Protein Kinase A Catalytic and Regulatory Subunits Interact Differently in Various Areas of Mouse Brain
Round 1
Reviewer 1 Report
The authors described the distribution of PKA catalytic subunit in relation to regulatory clusters in the cerebral parietal cortex, hippocampus, corpus striatum, amygdala, and stria terminalis. In addition, they showed that cAMP could induce redistribution of PKA catalytic subunit, but not regulatory subunit, in the hypothalamus.
The study is well done and comprehensive and one issue should be addressed for consideration of publication.
- The authors should specify the number of brain slices and total cells to be analyzed in the measurement of PKA catalytic subunit, cAMP, and colocalization of these components in each brain area in the "Results" and "Materials and Methods".
Author Response
REV. 1: The authors described the distribution of PKA catalytic subunit in relation to regulatory clusters in the cerebral parietal cortex, hippocampus, corpus striatum, amygdala, and stria terminalis. In addition, they showed that cAMP could induce redistribution of PKA catalytic subunit, but not regulatory subunit, in the hypothalamus.
The study is well done and comprehensive and one issue should be addressed for consideration of publication.
AUTHORS: Thank you for your kind consideration.
- REV. 1: The authors should specify the number of brain slices and total cells to be analyzed in the measurement of PKA catalytic subunit, cAMP, and colocalization of these components in each brain area in the "Results" and "Materials and Methods".
AUTHORS: The Reviewer is right, we apologize for this omission. We have now included all the relevant numerical information in legends to figures 1-4 and 6 and supplementary S1 to S6, and in Materials and Methods (lines: 383-384 and 459-460, 464-465).
Here is the detail of the lines for figure legends: 114-122, 127-138, 169-172,181-188, 235-243.
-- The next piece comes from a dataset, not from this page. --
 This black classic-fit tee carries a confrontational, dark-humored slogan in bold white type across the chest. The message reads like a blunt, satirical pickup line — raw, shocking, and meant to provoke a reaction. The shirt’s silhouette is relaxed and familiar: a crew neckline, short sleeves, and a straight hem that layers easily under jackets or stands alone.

In order to preserve readability, we have included all the numbers in the figure and supplementary figure legend and not repeated them in the Results main section, which is a descriptive summary of results.
Reviewer 2 Report
Mucignat-Caretta extensively investigated localizations of PKA-catalytic and regulatory subunits and their interactions in mouse brain. The authors have shown that interactions between catalytic and regulatory subunits vary in different brain areas and the catalytic subunits are not fully released from the regulatory subunit in response to increases of cAMP. As a next study, it is important to perform real time imaging to confirm findings in this study. The results are interesting and clear. However, I have concerns as follows.
Major concern;
1) The authors showed their observations in different brain areas. However, brain areas studies in this manuscript are still large. Therefore, the authors should describe the exact brain regions they imaged, in the figure (for example, the exact area in the CA1).
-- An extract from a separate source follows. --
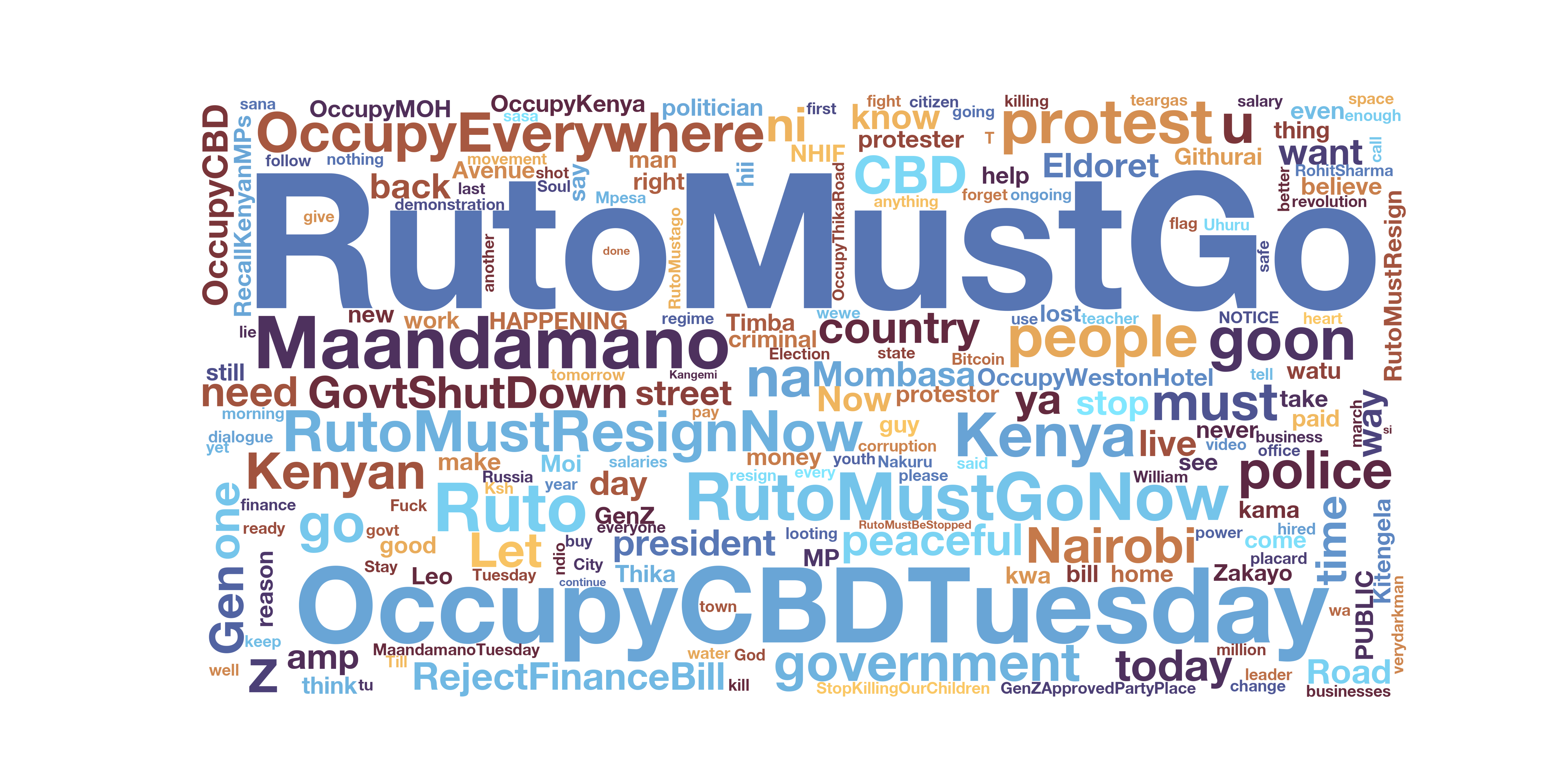 Ruto Must Go maintains its predominance with a call to Occupy the central business district on Tuesday. Important to note that even as the hashtags and opinions change, the call for the president to resign and go is still maintained.

2) There are several types of cells including excitatory neurons, inter (inhibitory) neurons, glia, astrocyte in each brain area. Therefore, the authors should describe which type of neurons they imaged.
3) Additionally, it is also important to describe the localization of target molecules in the cells (nucleus, cell body, axon, spine, dendrites…) although the authors seemed to image nucleus and cell body in the cells.
4) Figure 6 is interesting but requires control experiments using 8-Br-cAMP.
Minor comment
The authors seemed to use several types of fluorescent cAMPs (SAR-cAMP, SAF-cAMP and 8-Fluo-cAMP). The authors should indicate which probe was used in each experiment.
Author Response
REV. 2: Mucignat-Caretta extensively investigated localizations of PKA-catalytic and regulatory subunits and their interactions in mouse brain. The authors have shown that interactions between catalytic and regulatory subunits vary in different brain areas and the catalytic subunits are not fully released from the regulatory subunit in response to increases of cAMP. As a next study, it is important to perform real time imaging to confirm findings in this study. The results are interesting and clear. However, I have concerns as follows.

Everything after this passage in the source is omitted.